Model: "sequential_14"
_________________________________________________________________
Layer (type)                 Output Shape              Param #   
flatten (Flatten)            (None, 784)               0         
_________________________________________________________________
dense (Dense)                (None, 300)               235500    
_________________________________________________________________
dense_1 (Dense)              (None, 100)               30100     
_________________________________________________________________
new_output (Dense)           (None, 1)                 101       
Total params: 265,701
Trainable params: 101
Non-trainable params: 265,600
_________________________________________________________________


Training the model for few epochs

    history = model_B_on_A.fit(X_train_B, y_train_B, epochs=4,
                               validation_data=(X_valid_B, y_valid_B))

    for layer in model_B_on_A.layers[:-1]:
        layer.trainable = True

    optimizer = keras.optimizers.SGD(lr=1e-4) # the default lr is 1e-2
    model_B_on_A.compile(loss="binary_crossentropy", optimizer=optimizer,
                         metrics=["accuracy"])
    history = model_B_on_A.fit(X_train_B, y_train_B, epochs=16,
                               validation_data=(X_valid_B, y_valid_B))


- As we unfreeze  more and moer layers, reduce the learning rate as well as above, to preserve the structure of the lower layers. 
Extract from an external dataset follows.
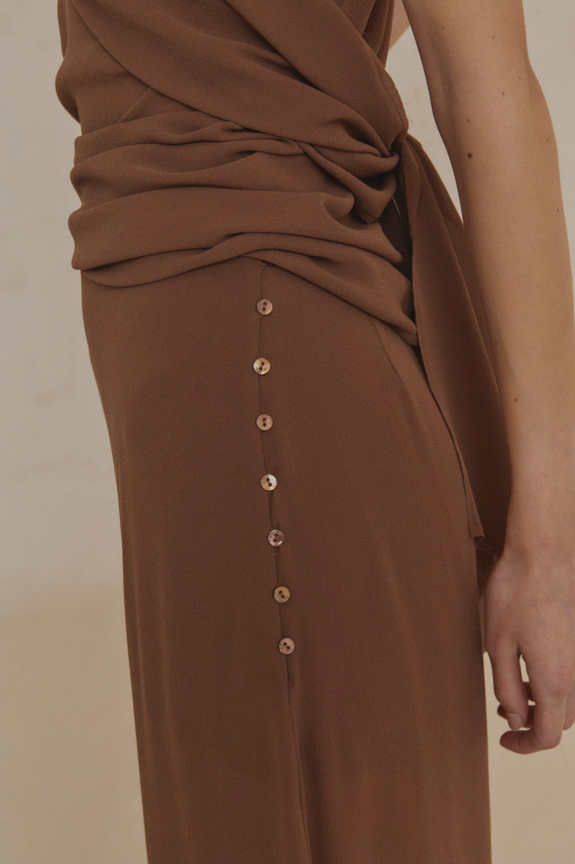 Pantalón de georgette de seda con short corto interior integrado para mayor cobertura. El pantalón Serene se cierra con pequeños botones en el lateral.
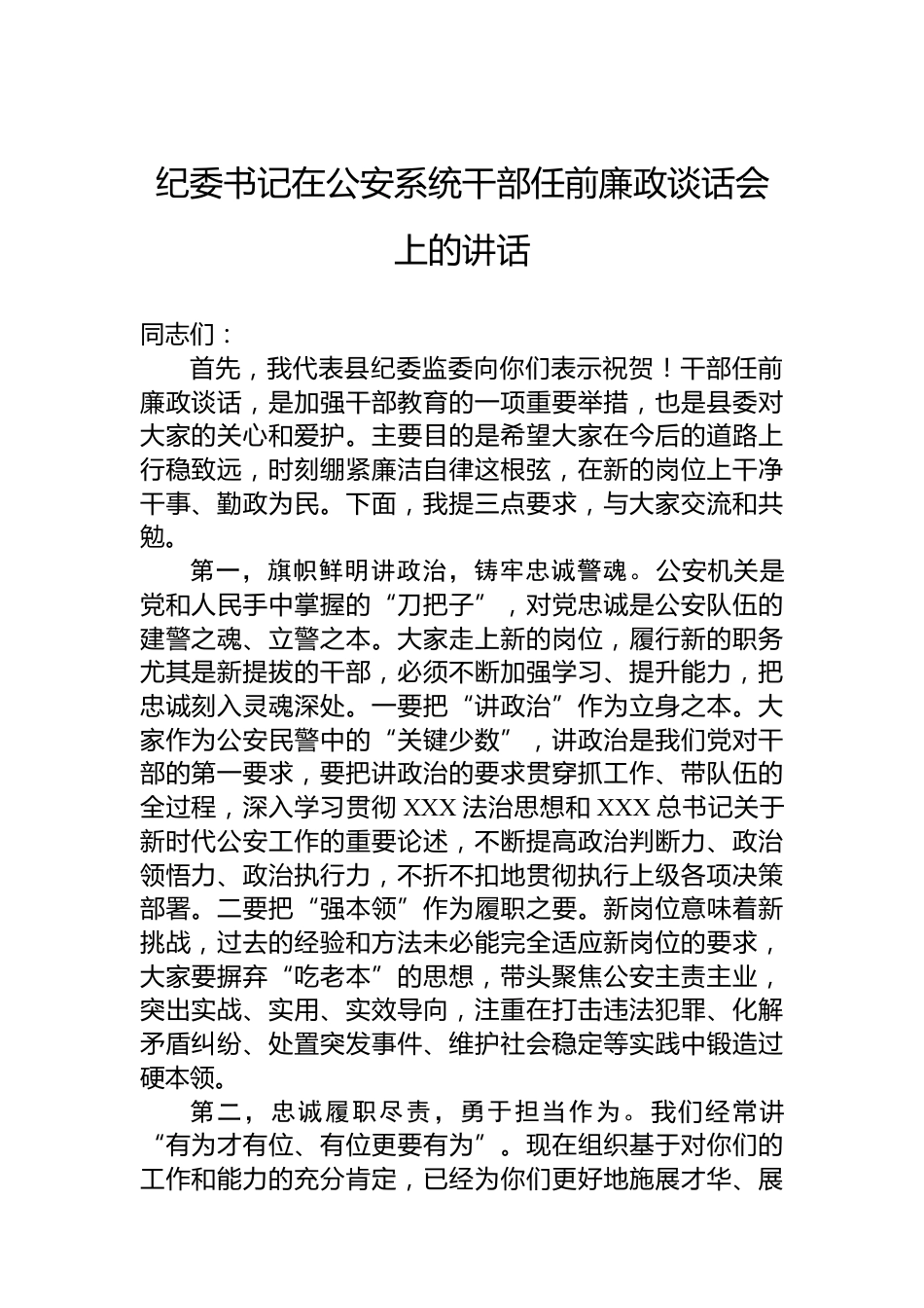 紀(jì)委書記在公安系統(tǒng)干部任前廉政談話會上的講話同志們:首先,我代表縣紀(jì)委監(jiān)委向你們表示祝賀!干部任前廉政談話,是加強干部教育的一項重要舉措,也是縣委對大家的關(guān)心和愛護(hù)。主要目的是希望大家在今后的道路上行穩(wěn)致遠(yuǎn),時刻繃緊廉潔自律這根弦,在新的崗位上干凈干事、勤政為民。下面,我提三點要求,與大家交流和共勉。第一,旗幟鮮明講政治,鑄牢忠誠警魂。公安機關(guān)是黨和人民手中掌握的“刀把子”,對黨忠誠是公安隊伍的建警之魂、立警之本。大家走上新的崗位,履行新的職務(wù)尤其是新提拔的干部,必須不斷加強學(xué)習(xí)、提升能力,把忠誠刻入靈魂深處。一要把“講政治...

### Pretraining on Auxiliary Task

- If you do not have much labeled training data, one last option is to train a first neural network on an auxiliary task for which you can easily obtain or generate labeled training data, then reuse the lower layers of that network for your actual task. The first neural network’s lower layers will learn feature detectors that will likely be reusable by the second neural network.